The Russian presence in Villefranche sur mer : a military interest in the first instance

In 1749, Jean-Michel Auda from Nice, became a “commercial adviser” in Russia, and befriended a young sailor by the name of Alexis Orloff (or “Orlov”).  His brother, Grigori Orloff, who later became the favourite of Empress Catherine II, gave him access to high positions within the government, and it was thus that he led the Imperial Russian fleet to call at Villefranche-sur-Mer in 1770.

This base became essential to them when, in the aftermath of the Crimean War in 1856, the Russian Imperial Navy was deprived of its access to the Mediterranean. The Duke of Savoy then agreed to give Russia a permanent right of call at the Lazaret and the Darse de Villefranche, which would allow the Russian fleet to store food and fuel there. The roadstead then became the home port of the imperial nobility on holiday in the states of Savoy. When the county of Nice was attached to France in 1860, Napoleon III confirmed the Russian naval base of Villefranche.
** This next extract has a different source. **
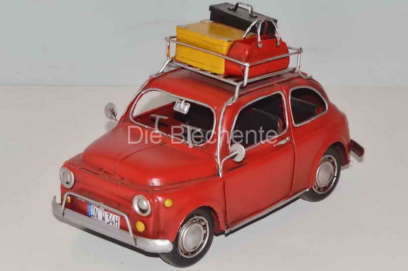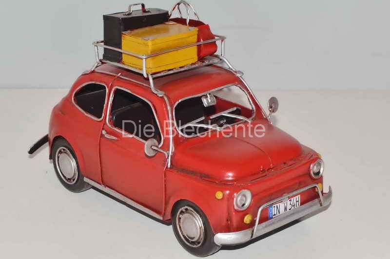 Nostalgisches Blechmodell - Fiat 500 mit Koffer 1960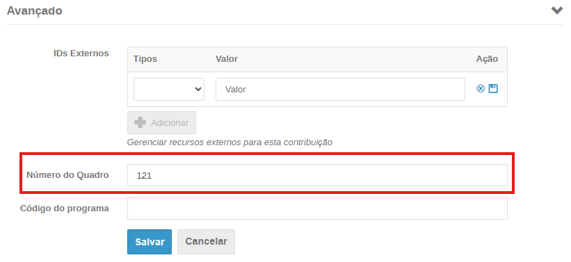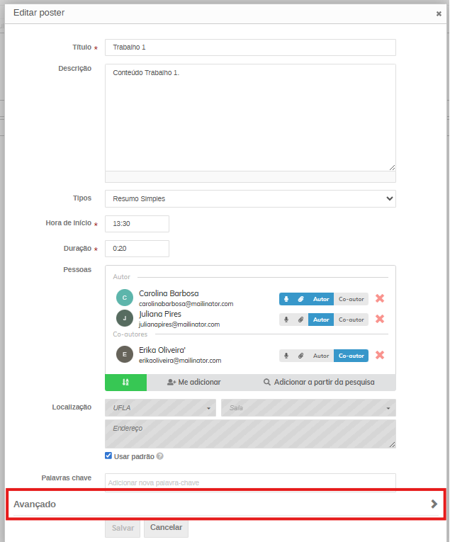 31. Para inserir o número do quadro onde o pôster será exposto no local de apresentação, clique em “Avançado”:

From 1856 onwards, the holiday resorts of the rich Russian wintering people developed, with the arrival of the dowager empress Alexandra Feodorovna (widow of Tsar Nicholas I). To reach the city of Nice from the Villefranche harbour where her frigate anchored, the empress financed the construction of a new road, the existing road being described at the time as “barely passable on horseback”. It was inaugurated in March 1856, and named “Boulevard de l’Impératrice de Russie” (part of which corresponds to what is known today as Boulevard Stalingrad).

In 1893, a team of Russian scientists from Kiev replaced the military to carry out oceanographic research, taking advantage of the presence of an updraft in the harbour. These studies, in spite of the political hazards between the two nations, will continue until the 1930s.